• **Records shown**
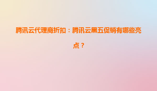 2025-07-01腾讯云黑五促销亮点解析:代理商折扣与官方优惠的双重加持 一、腾讯云黑五促销核心亮点 每年11月的"黑色星期五"是腾讯云年度最大促销节点之一,2023年黑五活动预计将围绕以下核心优势展...
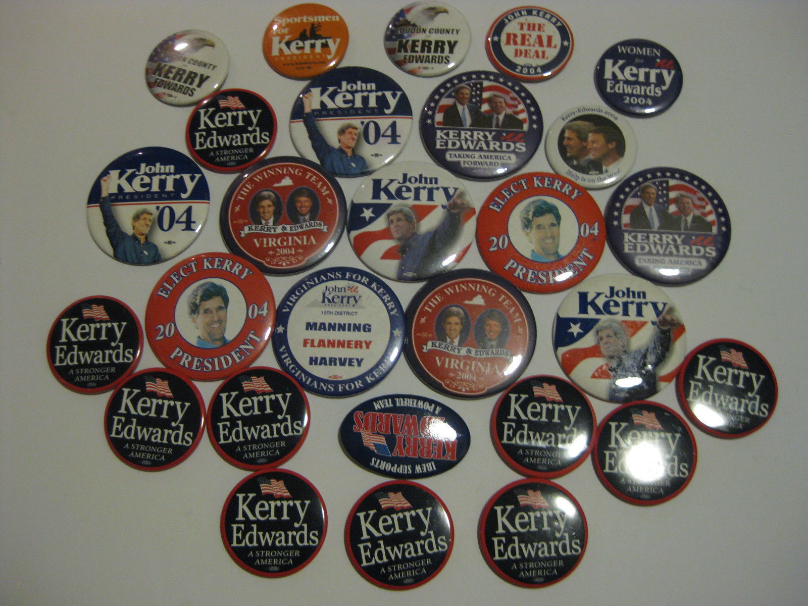 Title (ebay affiliate link): 2004 Political Buttons John Kerry LOT 28 Kerry-Edwards Sportsman, Loudoun Cty VA
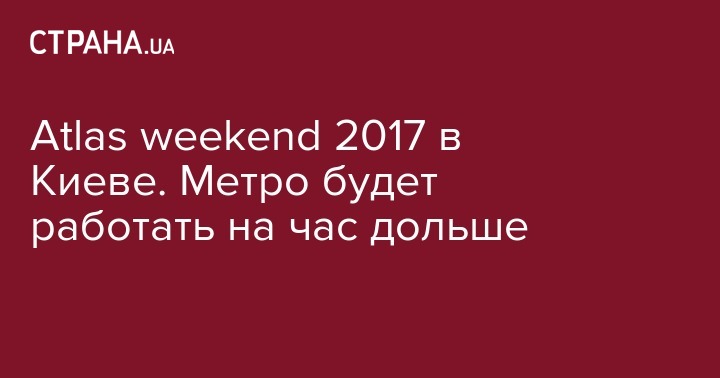Коммунальное предприятие "Киевский метрополитен" 30 июня и 1 июля будет работать на час дольше в связи с проведением музыкального фестиваля "Atlas weekend 2017".
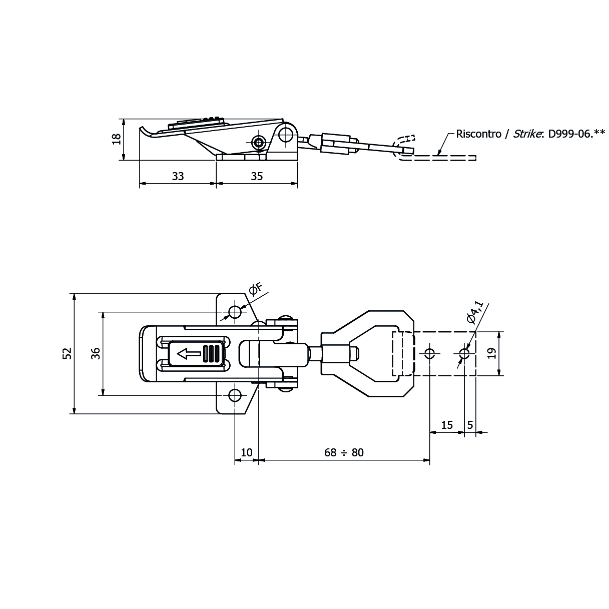 D013 Chiusura a leva regolabile con dispositivo di sicurezza
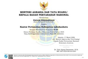 Bersuarakyat.online Labuhanbatu – Kementerian Agraria dan Tata Ruang/Badan Pertanahan Nasional melalui Kantor Pertanahan Kabupaten Labuhanbatu menunjukkan komitmennya dalam memberikan pelayanan terbaik kepada masyarakat, meskipun berada di tengah periode libur. Pada 23 Maret 2026, Kantor Pertanahan Kabupaten Labuhanbatu melaksanakan kegiatan Pelayanan Pertanahan Terbatas dalam rangka Pelayanan Mudik. Program ini menjadi wujud kehadiran negara untuk memastikan kebutuhan masyarakat di bidang pertanahan tetap terpenuhi, khususnya bagi warga yang pulang ke kampung halaman. Melalui layanan tersebut, masyarakat tetap dapat mengakses berbagai keperluan pertanahan, mulai dari memperoleh informasi, melakukan pengajuan berkas, hingga mengambil produk layanan yang telah selesai diproses. Hal ini menunjukkan bahwa pelayanan publik tetap berjalan secara adaptif dan responsif terhadap kebutuhan masyarakat. Kantor Pertanahan Kabupaten Labuhanbatu juga mengimbau masyarakat untuk memanfaatkan layanan ini dengan sebaik-baiknya, terutama selama momen mudik. Warga diharapkan telah mempersiapkan dokumen yang dibutuhkan agar proses pelayanan dapat berjalan lancar tanpa hambatan. Ke depan, Kantor Pertanahan Kabupaten Labuhanbatu menegaskan komitmennya untuk terus menghadirkan pelayanan yang profesional, transparan, dan akuntabel, guna memberikan kepastian hukum atas tanah bagi seluruh masyarakat.
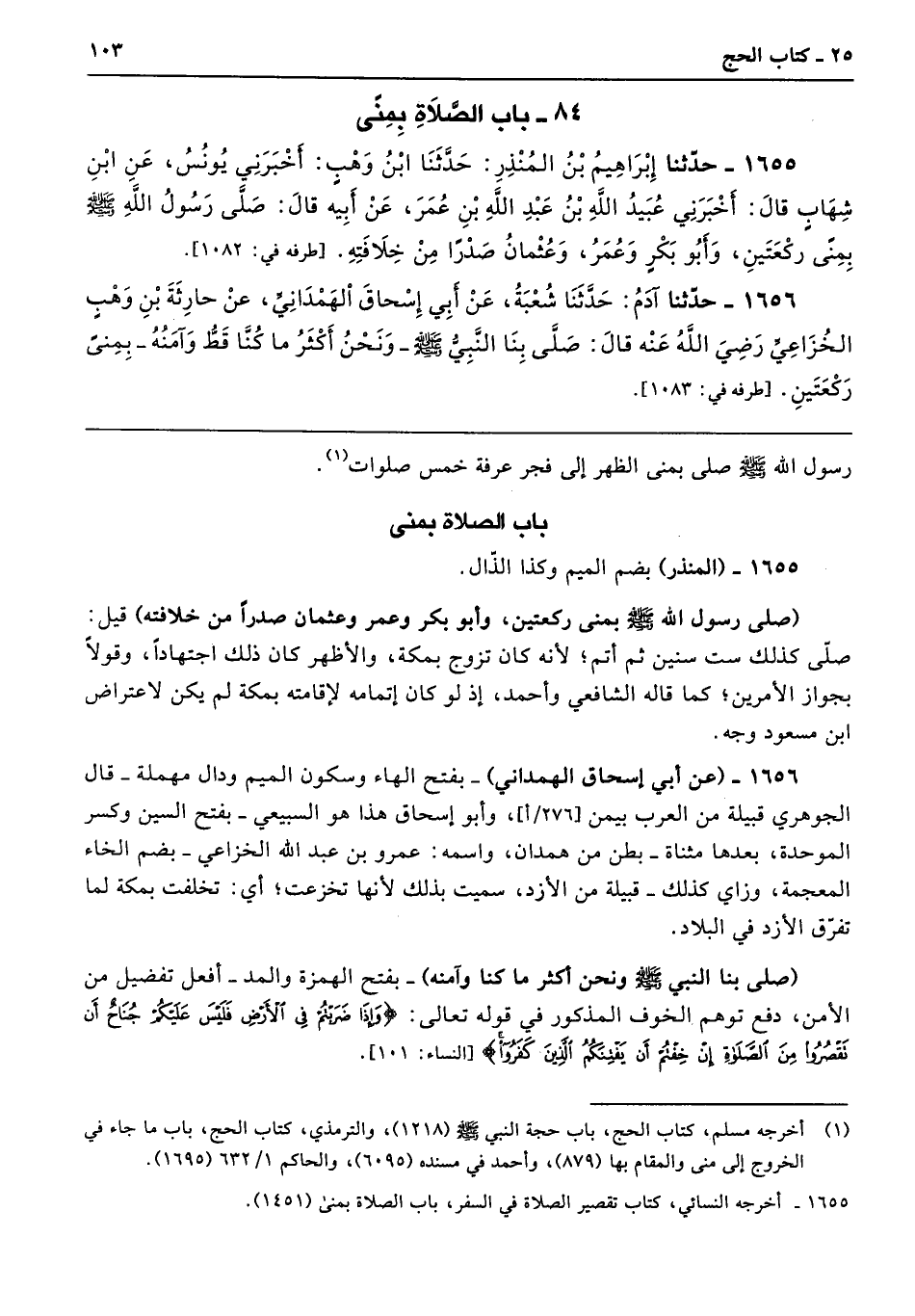 1656 - حَدَّثَنَا آدَمُ حَدَّثَنَا شُعْبَةُ عَنْ أَبِى إِسْحَاقَ الْهَمْدَانِىِّ عَنْ حَارِثَةَ بْنِ وَهْبٍ الْخُزَاعِىِّ - رضى الله عنه - قَالَ صَلَّى بِنَا النَّبِىُّ - صلى الله عليه وسلم - وَنَحْنُ أَكْثَرُ مَا كُنَّا قَطُّ وَآمَنُهُ بِمِنًى رَكْعَتَيْنِ. طرفه 1083
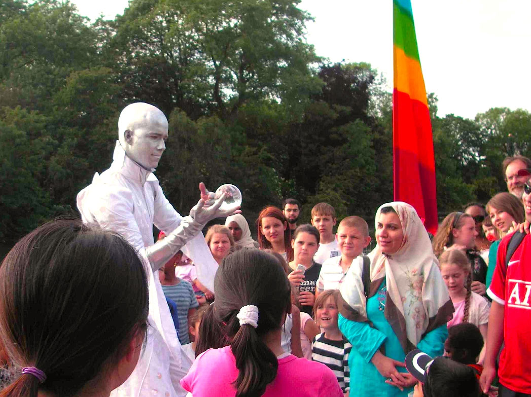 Contact Juggler Calvos is one of the UK’s top performers of ‘contact juggling’ - the manipulation of crystal balls that glide, float, dance and levitate surreally around the artists’ hands, arms and bodies. He has performed for over 10 years at a diverse range of events throughout the UK, Europe, Middle East, Asia and North America.
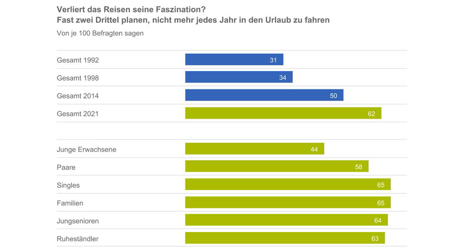 Innerhalb der Bevölkerung seien es vor allem Singles, Familien und ältere Bundesbürger, die nicht mehr jedes Jahr unterwegs sein möchten. Dagegen bleibe für die Mehrheit der 18- bis 24-Jährigen Reisen das Statussymbol.
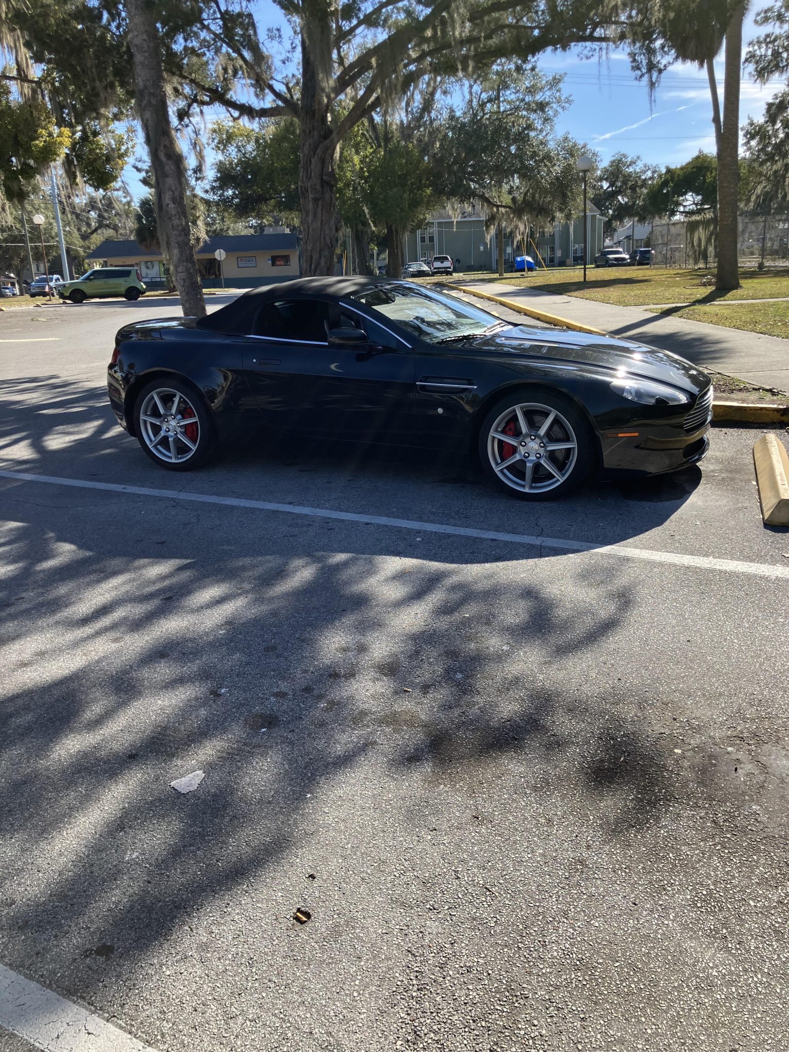 The 19″ seven-spoke alloy wheels are mounted with Bridgestone Potenza tires measuring 235/40 up front and 275/35 out back. Braking is from Aston Martin-branded red calipers over slotted rotors at all four corners.
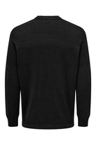 - The sweater features a crew neck with ribbed trim, and ribbed cuffs
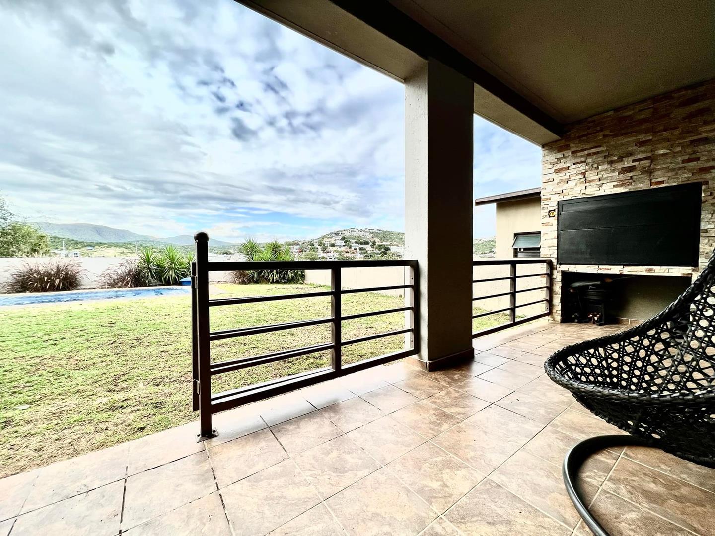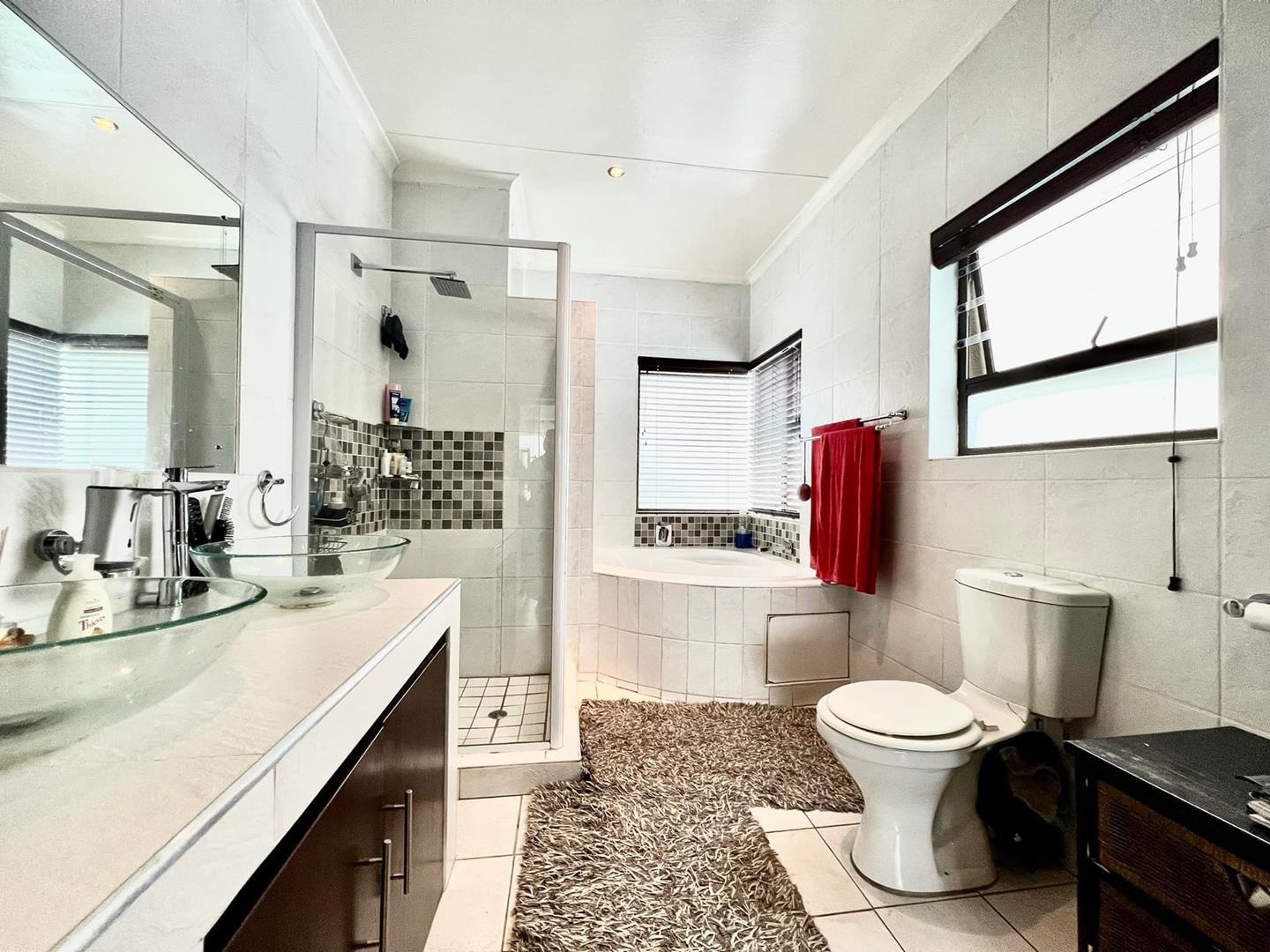 Offering 5 (FIVE) Bedrooms, 4 Bathrooms, a well fitted STUDY, dressing room at master, spacious o/plan living rooms comprising of a dining – and tv room area, opening up onto a patio with BBQ, overlooking the BIG GARDEN & POOL.

• **What you are asked to do**
Stop after the line containing "D013 Chiusura a": copy the records exactly from the first line up to there, leaving pictures out.

• **Response area**
 2025-07-01腾讯云黑五促销亮点解析:代理商折扣与官方优惠的双重加持 一、腾讯云黑五促销核心亮点 每年11月的"黑色星期五"是腾讯云年度最大促销节点之一,2023年黑五活动预计将围绕以下核心优势展...
 Title (ebay affiliate link): 2004 Political Buttons John Kerry LOT 28 Kerry-Edwards Sportsman, Loudoun Cty VA
Коммунальное предприятие "Киевский метрополитен" 30 июня и 1 июля будет работать на час дольше в связи с проведением музыкального фестиваля "Atlas weekend 2017".
 D013 Chiusura a leva regolabile con dispositivo di sicurezza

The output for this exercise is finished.